7-Day Weight Loss Plan to Lose 5kg Fast – Diet Chart & Home Workouts

 


How to Lose 5 kg in 7 Days at Home (Safe & Realistic Guide)


✅ STEP 1: Set a Realistic Goal

In 7 days you can:

  • Reduce bloating

  • Drop water weight

  • Start fat burning

  • Feel lighter & more energetic

Focus on:
✔ Fat loss
✔ Water loss
✔ Inch loss
✔ Clean eating habit


🥗 STEP 2: 7-Day Diet Plan (Indian Home Friendly)

🔥 Important Rules

  • No sugar

  • No fried food

  • No junk

  • No soft drinks

  • No bakery items

  • Drink 3–4 liters of water daily


🌅 Morning (Empty Stomach – 6:30–7:00 AM)

Choose one:

  • Warm water + lemon

  • Jeera water

  • Green tea

  • Apple cider vinegar (1 tsp in water)

👉 Boosts metabolism and reduces bloating.
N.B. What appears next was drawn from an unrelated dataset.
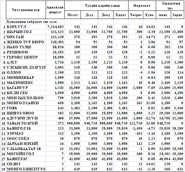 ""Бэрх уул"" ХК-ийн үнэт цаас 7,314,683 ширхэг арилжигдсан нь хамгийн идэвхтэй арилжигдсан үнэт цаас боллоо.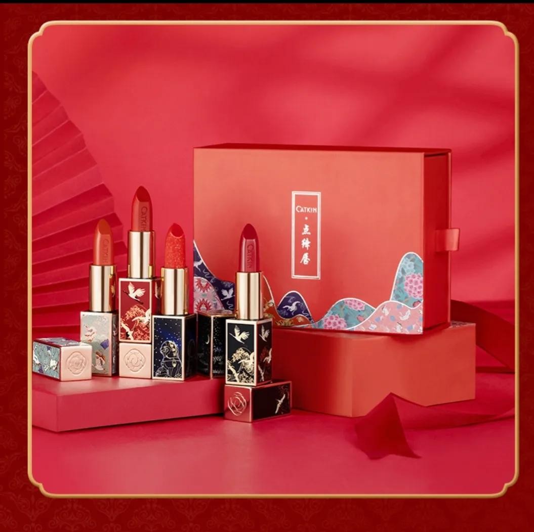 口红外观是精美的中国风图案,经典的红色喜庆十足

🍳 Breakfast (8:00–9:00 AM)

Choose one:

  • 2 boiled eggs + 1 fruit

  • Vegetable oats

  • Moong dal chilla

  • Poha (less oil)

  • Greek yogurt + seeds

Avoid: Paratha, white bread, sugary cereals.


🍎 Mid-Morning Snack (11:30 AM)

  • 1 fruit (apple / papaya / orange)
    OR

  • Handful of almonds (5–6)


🍛 Lunch (1:30–2:00 PM)

  • 1 bowl dal

  • 1 bowl sabzi

  • 1 small roti OR small portion brown rice

  • Big bowl salad

👉 Keep carbs controlled.


☕ Evening (4:30–5:00 PM)

  • Green tea
    OR

  • Black coffee (no sugar)

  • Roasted chana


🍲 Dinner (7:00–8:00 PM)

Keep dinner LIGHT:

  • Vegetable soup

  • Paneer bhurji

  • Grilled chicken

  • Stir-fried vegetables

❌ No roti, no rice at night.


🌙 Before Bed

  • Warm water
    OR

  • Chamomile tea


🏋️ STEP 3: 7-Day Home Workout Plan (No Equipment)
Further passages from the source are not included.